A recent question on credit card validation here on Code Review, led me down a dark rabbit hole of check digit algorithms. I took a stop at the Verhoeff algorithm and tried to implement it myself.
That lead to the following piece of code:
class Verhoeff:
"""Calculate and verify check digits using Verhoeff's algorithm"""
MULTIPLICATION_TABLE = (
(0, 1, 2, 3, 4, 5, 6, 7, 8, 9),
(1, 2, 3, 4, 0, 6, 7, 8, 9, 5),
(2, 3, 4, 0, 1, 7, 8, 9, 5, 6),
(3, 4, 0, 1, 2, 8, 9, 5, 6, 7),
(4, 0, 1, 2, 3, 9, 5, 6, 7, 8),
(5, 9, 8, 7, 6, 0, 4, 3, 2, 1),
(6, 5, 9, 8, 7, 1, 0, 4, 3, 2),
(7, 6, 5, 9, 8, 2, 1, 0, 4, 3),
(8, 7, 6, 5, 9, 3, 2, 1, 0, 4),
(9, 8, 7, 6, 5, 4, 3, 2, 1, 0)
)
INVERSE_TABLE = (0, 4, 3, 2, 1, 5, 6, 7, 8, 9)
PERMUTATION_TABLE = (
(0, 1, 2, 3, 4, 5, 6, 7, 8, 9),
(1, 5, 7, 6, 2, 8, 3, 0, 9, 4),
(5, 8, 0, 3, 7, 9, 6, 1, 4, 2),
(8, 9, 1, 6, 0, 4, 3, 5, 2, 7),
(9, 4, 5, 3, 1, 2, 6, 8, 7, 0),
(4, 2, 8, 6, 5, 7, 3, 9, 0, 1),
(2, 7, 9, 3, 8, 0, 6, 4, 1, 5),
(7, 0, 4, 6, 9, 1, 3, 2, 5, 8)
)
@classmethod
def calculate(cls, input_: str) -> str:
"""Calculate the check digit using Verhoeff's algorithm"""
check_digit = 0
for i, digit in enumerate(reversed(input_), 1):
col_idx = cls.PERMUTATION_TABLE[i % 8][int(digit)]
check_digit = cls.MULTIPLICATION_TABLE[check_digit][col_idx]
return str(cls.INVERSE_TABLE[check_digit])
@classmethod
def validate(cls, input_: str) -> bool:
"""Validate the check digit using Verhoeff's algorithm"""
check_digit = 0
for i, digit in enumerate(reversed(input_)):
col_idx = cls.PERMUTATION_TABLE[i % 8][int(digit)]
check_digit = cls.MULTIPLICATION_TABLE[check_digit][col_idx]
return cls.INVERSE_TABLE[check_digit] == 0
I chose to implement it as a class with two class methods because I plan to include other algorithms as well and structuring the code this way seemed reasonable to me.
I'm particularly interested in your feedback on the following aspects:
- What do you think about the API?
calculate(input_: str) -> str
andvalidate(input_: str) -> bool
seem reasonable and symmetric, but I could also imagine using something likecalculate(input_: Sequence[int]) -> int
/validate(input_: Sequence[int], int) -> bool
. - There seems to be reasonable amount of code duplication between the two functions
calculate
/validate
, but I couldn't really wrap my head around how to define one in respect to the other.
In addition to the class above, I also decided to take a shot at some unit tests for the algorithm using pytest.
import string
import itertools
import pytest
from check_sums import Verhoeff
# modification and utility functions to test the check digit algorihm robustness
DIGIT_REPLACEMENTS = {
digit: string.digits.replace(digit, "") for digit in string.digits
}
def single_digit_modifications(input_):
"""Generate all single digit modifications of a numerical input sequence"""
for i, digit in enumerate(input_):
for replacement in DIGIT_REPLACEMENTS[digit]:
yield input_[:i] + replacement + input_[i+1:]
def transposition_modifications(input_):
"""Pairwise transpose of all neighboring digits
The algorithm tries to take care that transpositions really change the
input.
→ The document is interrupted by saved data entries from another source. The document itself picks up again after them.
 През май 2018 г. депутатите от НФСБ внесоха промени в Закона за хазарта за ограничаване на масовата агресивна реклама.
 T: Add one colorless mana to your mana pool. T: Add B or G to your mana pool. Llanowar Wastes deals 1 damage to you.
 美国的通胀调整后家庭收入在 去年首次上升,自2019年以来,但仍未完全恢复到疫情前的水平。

This is done to make sure that those permutations actually alter the
input."""
for i, digit in enumerate(input_[:-1]):
if digit != input_[i+1]:
yield input_[:i] + input_[i+1] + digit + input_[i+2:]
def flatten(iterable_of_iterables):
"""Flatten one level of nesting
Borrowed from
https://docs.python.org/3/library/itertools.html#itertools-recipes
"""
return itertools.chain.from_iterable(iterable_of_iterables)
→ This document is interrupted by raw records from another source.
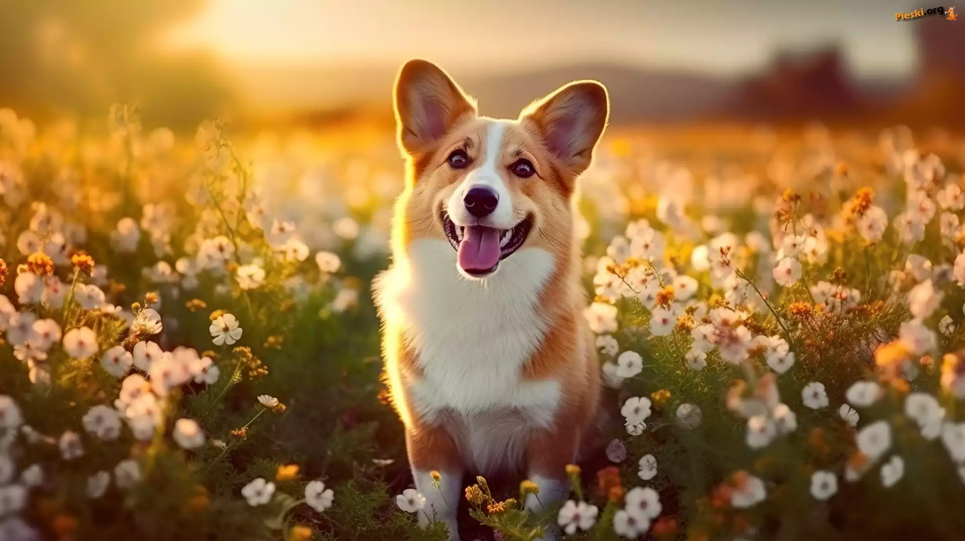 Spojrzenie, Łąka, Pies, Kwiaty, Welsh corgi pembroke, Pieski
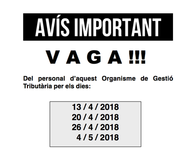 Els treballadors i treballadores de l'Organisme de Gestió Tributària de la Diputació de Barcelona han convocat quatre dies de vaga: el 13, 20 i 26 d'abril i el 4 de maig. L'oficina de Ripollet (rambla de Sant Jordi, 75) romandrà tancada en aquestes dates. L'últim dia de vaga coincideix amb el darrer dia de pagament en via voluntària de l'impost de vehicles de tracció mecànica (IVTM).
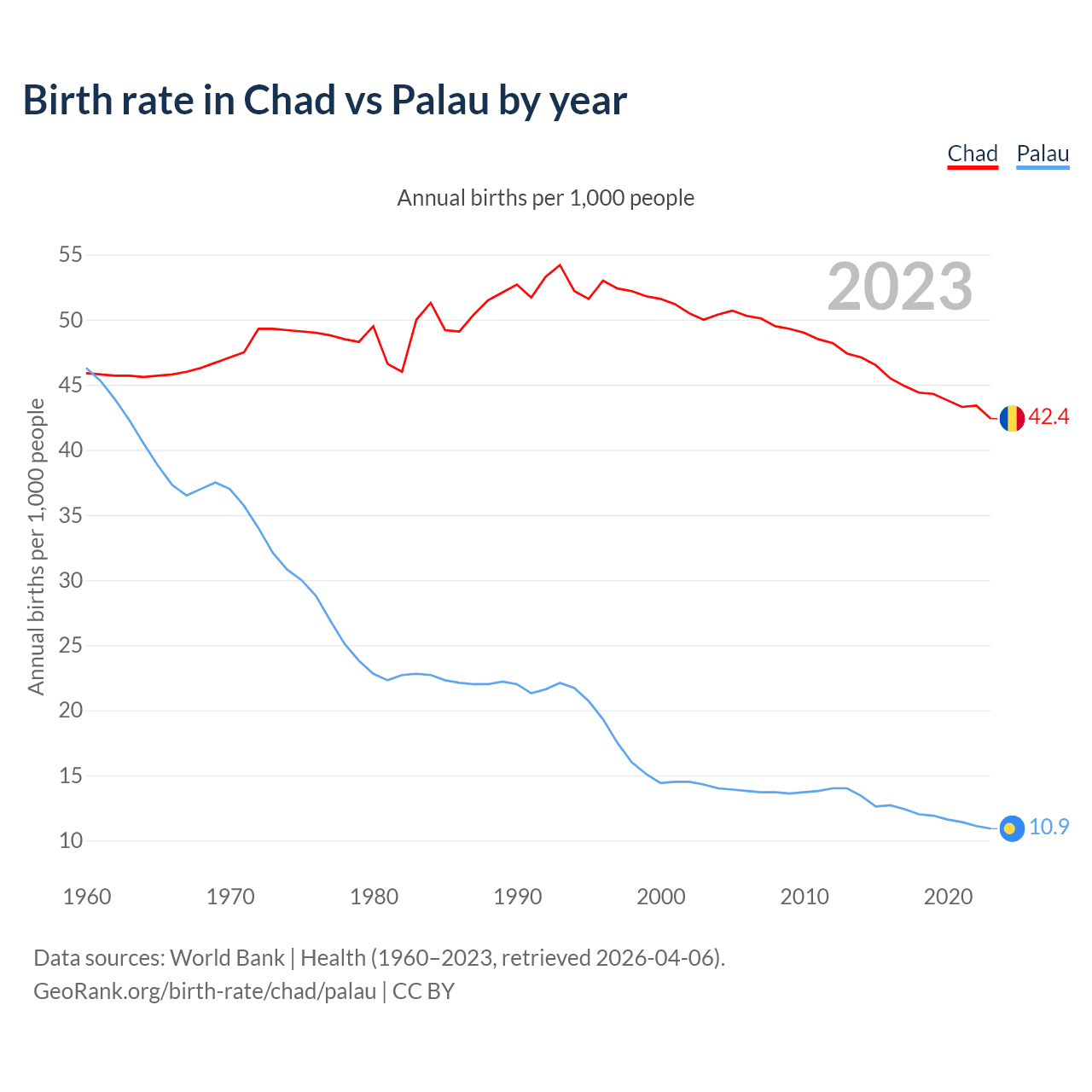 GeoRank.org/birth-rate/chad/palau | CC BY

# Verhoeff algoritm related tests
# Test data taken from
# https://en.wikibooks.org/wiki/Algorithm_Implementation/Checksums/Verhoeff_Algorithm
VALID_VERHOEF_INPUTS = [
"2363", "758722", "123451", "1428570", "1234567890120",
"84736430954837284567892"
]
@pytest.mark.parametrize("input_", VALID_VERHOEF_INPUTS)
def test_verhoeff_calculate_validate(input_):
"""Test Verhoeff.calculate/Verhoeff.validate with known valid inputs"""
assert Verhoeff.calculate(input_[:-1]) == input_[-1]\
and Verhoeff.validate(input_)
@pytest.mark.parametrize(
"modified_input",
flatten(single_digit_modifications(i) for i in VALID_VERHOEF_INPUTS)
)
def test_verhoeff_single_digit_modifications(modified_input):
"""Test if single digit modifications can be detected"""
assert not Verhoeff.validate(modified_input)
@pytest.mark.parametrize(
"modified_input",
flatten(transposition_modifications(i) for i in VALID_VERHOEF_INPUTS)
)
def test_verhoeff_transposition_modifications(modified_input):
"""Test if transposition modifications can be detected"""
assert not Verhoeff.validate(modified_input)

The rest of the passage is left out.